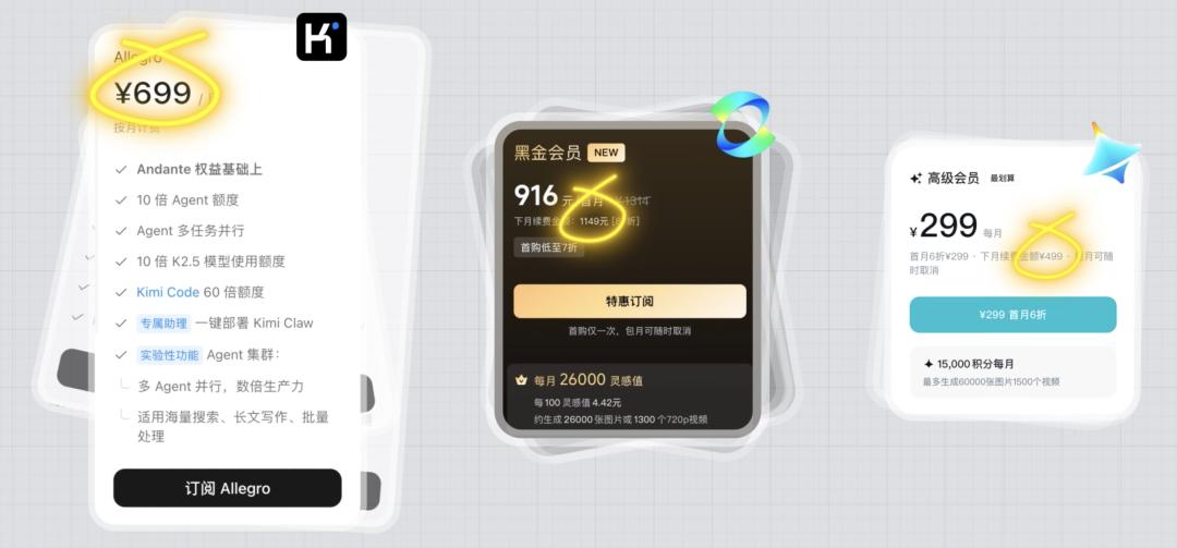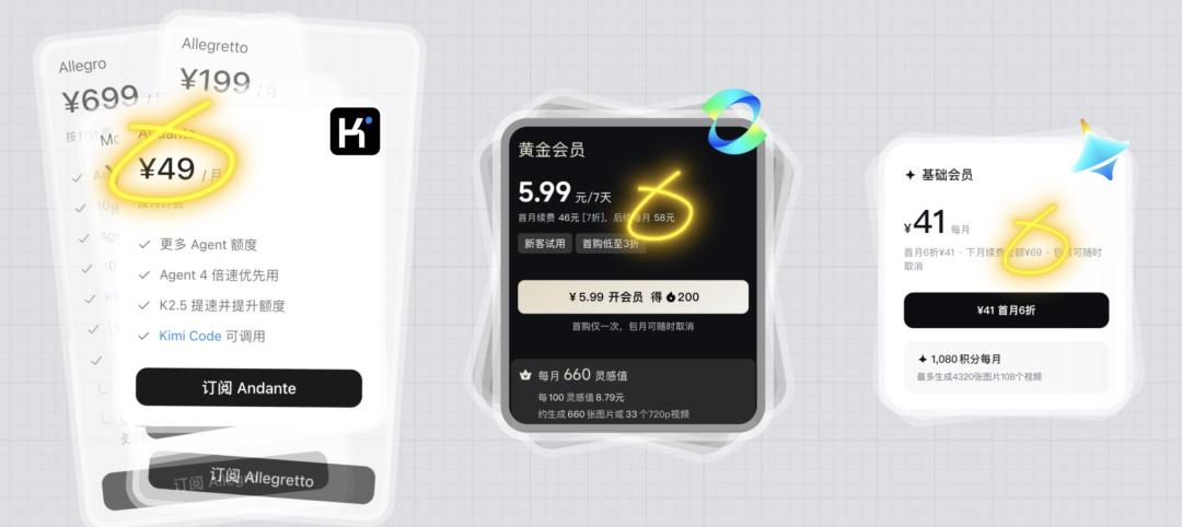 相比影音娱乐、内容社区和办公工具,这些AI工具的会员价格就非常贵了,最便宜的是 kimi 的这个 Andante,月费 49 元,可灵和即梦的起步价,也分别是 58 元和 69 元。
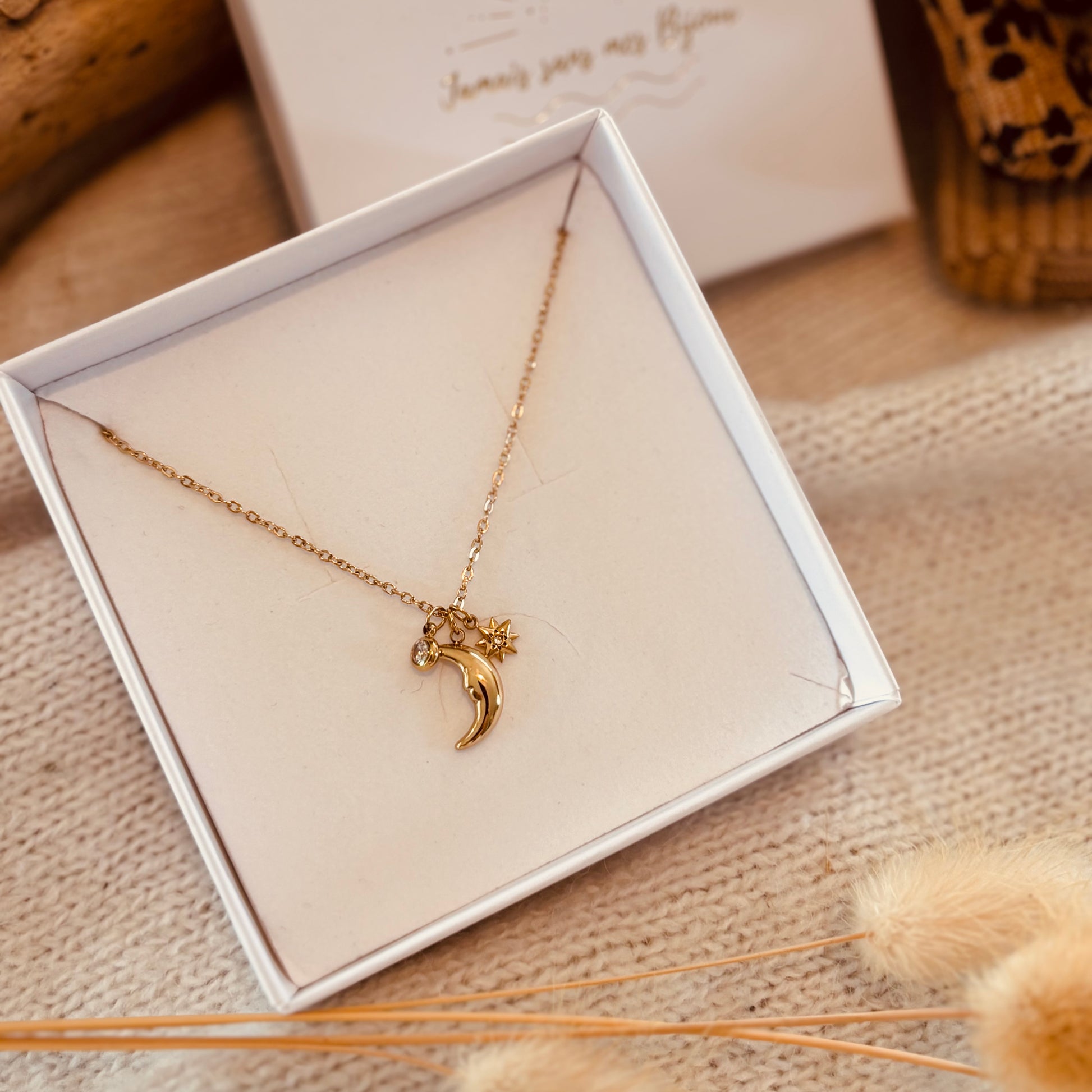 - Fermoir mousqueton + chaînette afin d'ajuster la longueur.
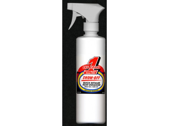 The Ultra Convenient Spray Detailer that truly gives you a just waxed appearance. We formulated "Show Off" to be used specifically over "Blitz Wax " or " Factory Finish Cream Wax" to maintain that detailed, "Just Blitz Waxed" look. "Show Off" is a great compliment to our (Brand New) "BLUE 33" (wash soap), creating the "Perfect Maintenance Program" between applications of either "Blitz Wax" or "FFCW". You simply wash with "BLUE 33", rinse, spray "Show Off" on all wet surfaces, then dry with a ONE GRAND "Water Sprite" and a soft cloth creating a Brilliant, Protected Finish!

------------------------------------------------------------------------

▸ EXERCISE
Return exactly the lines starting at the line with "- Fermoir mousqueton" and ending at the last line of the listing, both ends included; pictures are to be left out.

▸ RESPONSE BOX
 - Fermoir mousqueton + chaînette afin d'ajuster la longueur.
 The Ultra Convenient Spray Detailer that truly gives you a just waxed appearance. We formulated "Show Off" to be used specifically over "Blitz Wax " or " Factory Finish Cream Wax" to maintain that detailed, "Just Blitz Waxed" look. "Show Off" is a great compliment to our (Brand New) "BLUE 33" (wash soap), creating the "Perfect Maintenance Program" between applications of either "Blitz Wax" or "FFCW". You simply wash with "BLUE 33", rinse, spray "Show Off" on all wet surfaces, then dry with a ONE GRAND "Water Sprite" and a soft cloth creating a Brilliant, Protected Finish!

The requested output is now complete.